Key points to remember
- Wash your hands thoroughly after testing any infected patient
- Occluder is a hand held paddle used to cover one eye during a test
- Visual acuity test should be performed with a bright illuminated chart
- Pinhole paddle; a hand-held paddle with small viewing holes, used to determine whether spectacle lenses are likely to improve vision.
- Projector; required if a projected image of the test chart is to be used.
- Mirror; required to obtain the correct optical distance between the patient and the chart when the physical distance is too short.
- Snellen’s chart is for those who know the alphabet or numbers.

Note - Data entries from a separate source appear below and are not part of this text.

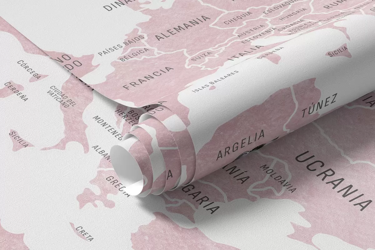 Τοιχογραφίες Παιδικός χάρτης σε στυλ ακουαρέλας με ζώα και αερόστατα. Ισπανική γλώσσα. Ροζ χρώμα. Nr. c00001esv3
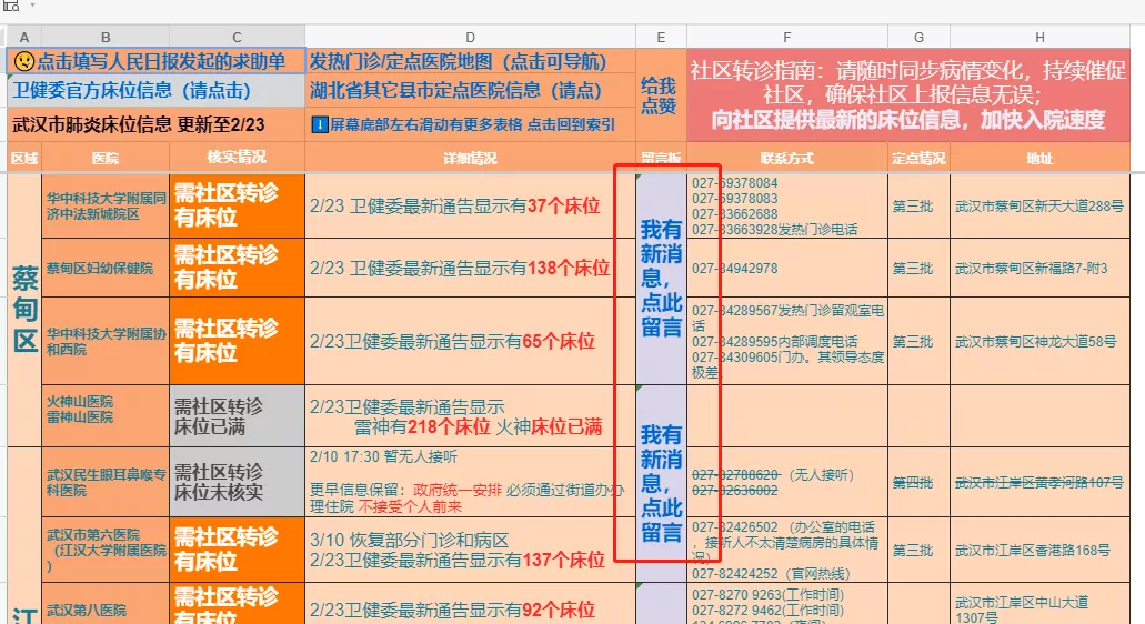 盒饭君至今都收藏着一份,在新冠疫情期间由志愿者组织bridge床位组整理的《武汉市定点医院床位医疗信息合集》的在线文档。
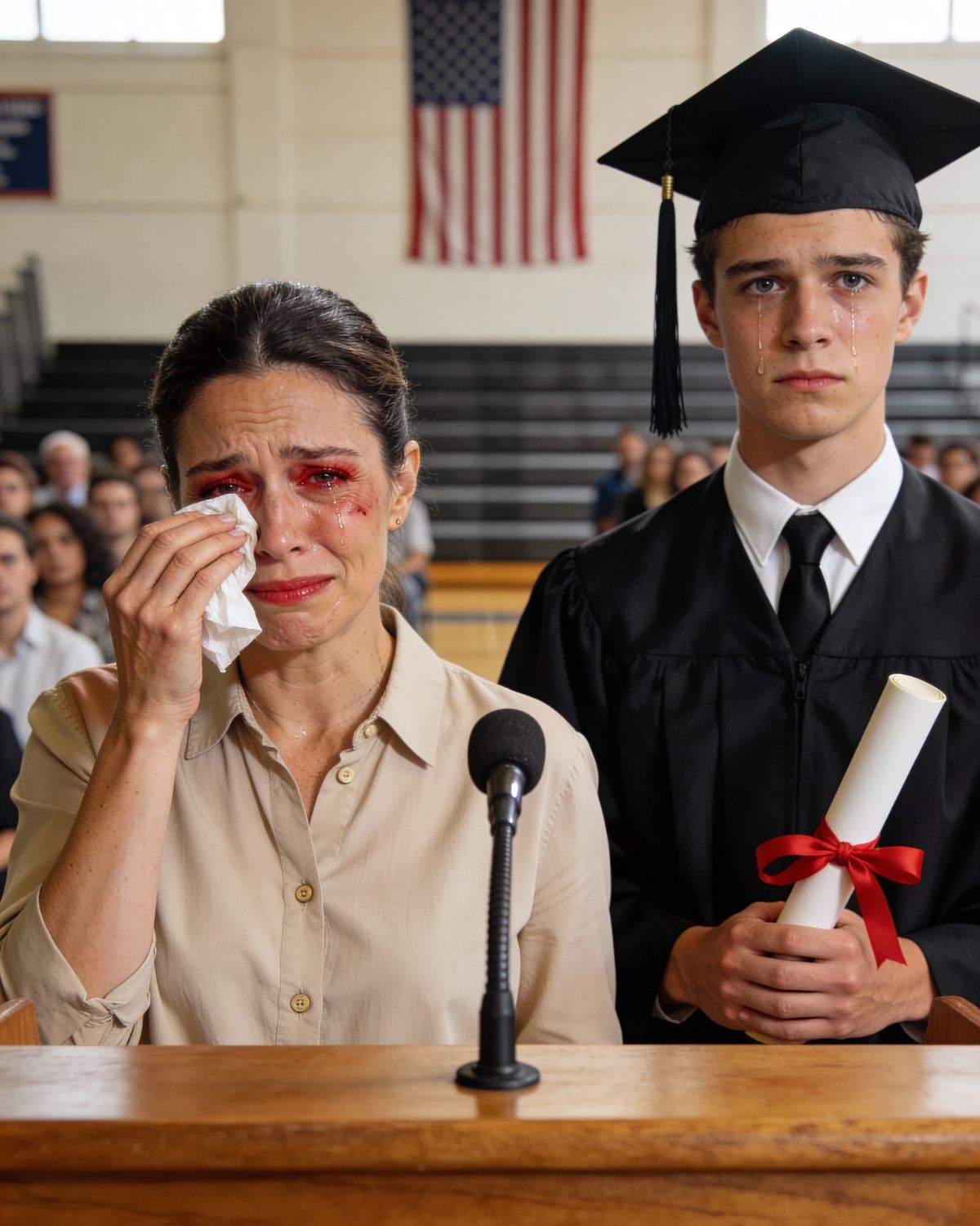 Algunos de los que se habían burlado bajaron la mirada. Otros se cubrieron la cara. Los maestros parpadearon con fuerza. Incluso el director se secó los ojos. Mi madre también lloraba… pero lo suyo no era vergüenza.
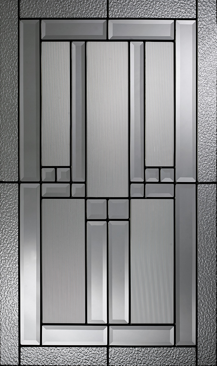 Broad rectangular layers combine to conjure the simplified poise of the Dayton collection. Classic, contemporary design is realized with granite glass, clear bevels and a luminating finish. For customizing, panels can be connected with your choice of zinc or patina caming to bring Dayton’s magnetic spirit to the forefront.
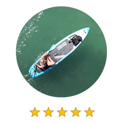 Mit Deinem SUP GLIDER gleitest du mühelos und stabil sitzend mit 4-5 km/h in guter SUP-Geschwindigkeit übers Wasser.
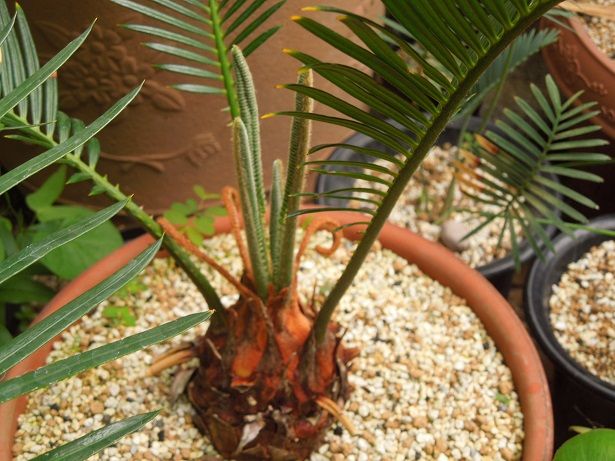 先月新芽を出したが途中で枯れてしまった金環蘇鉄は、再度新芽を出して順調に伸びている。
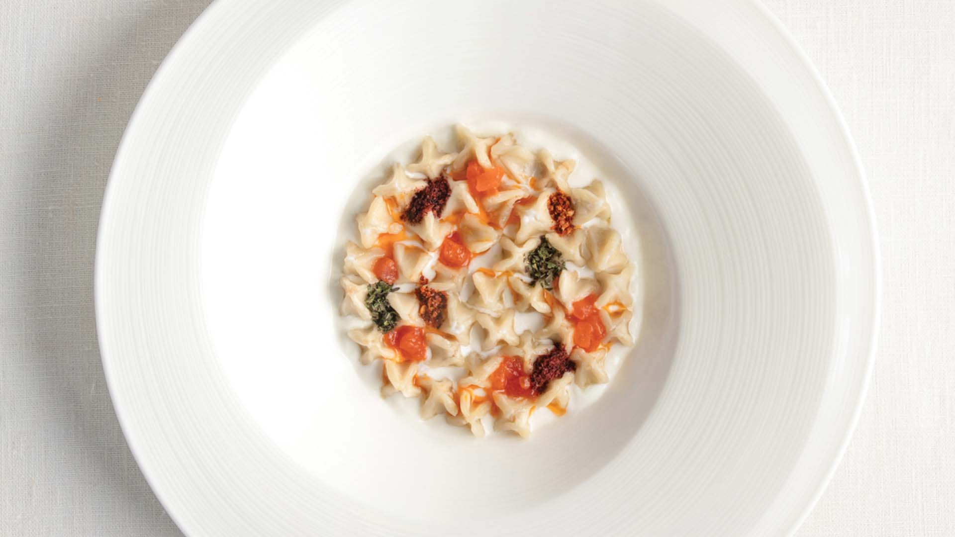 A simple dough made of flour, water and salt, which is then cut into various shapes before being stuffed with a filling and boiled is a tradition that we encounter in many cuisines of the world. It is possible to say that mantı or meat dumplings is the source of this tradition that has spread from Central Asia to most of the world. In this sense, mantı is like a cultural bridge that extends from Asia to Anatolia. Today, mantı is mainly eaten topped with garlic yogurt sauce and completed with a drizzle of browned butter and red pepper flakes. There are different varieties according to each region, and is not only boiled but sometimes can also be baked. In the past, in Kayseri that is famous for its mantı, the skills of new brides were measured according to whether they could make the mantı small enough to fit 40 pieces in one spoon.

- The tumbling E chart is for the illiterate patients
- Charts with silhouetted pictures to identify - Allen chart
- Letter matching tests (20 to 10 feet) – the children need not know the letter but they need only to match whatever letter you point to.
- Teller acuity cards - with vertical black and white stripes (gratings) to test the visual acuity of infants and preverbal toddlers (the examiner watches for a shift in gaze through a pinhole in the card)
Common abbreviations for visual acuity measurement
V,VA | - Visual acuity | |
OD | - Oculus dexter (right eye) | |
OS | - Oculus sinister (left eye) | |
CC | - Cum correction, with correction (eye glasses or contact lenses | |
SC | - Sine correction, without correction (eye glasses or contact lenses) | |
Ph | - Pinhole | |
HM | - Hand motion | |
PR | - Projection of rays | |
PL | - Perception of light | |
FCF | - Finger counting close to face | |
NOLP | - No light perception |
Student exercise
Answer the following
- What is visual acuity?
- What is the principle of the Snellen’s chart?
- List the types of distance acuity charts?
- List the various charts used for paediatric vision assessment?
- Define color vision?
- List the types of test done to detect defects in color vision?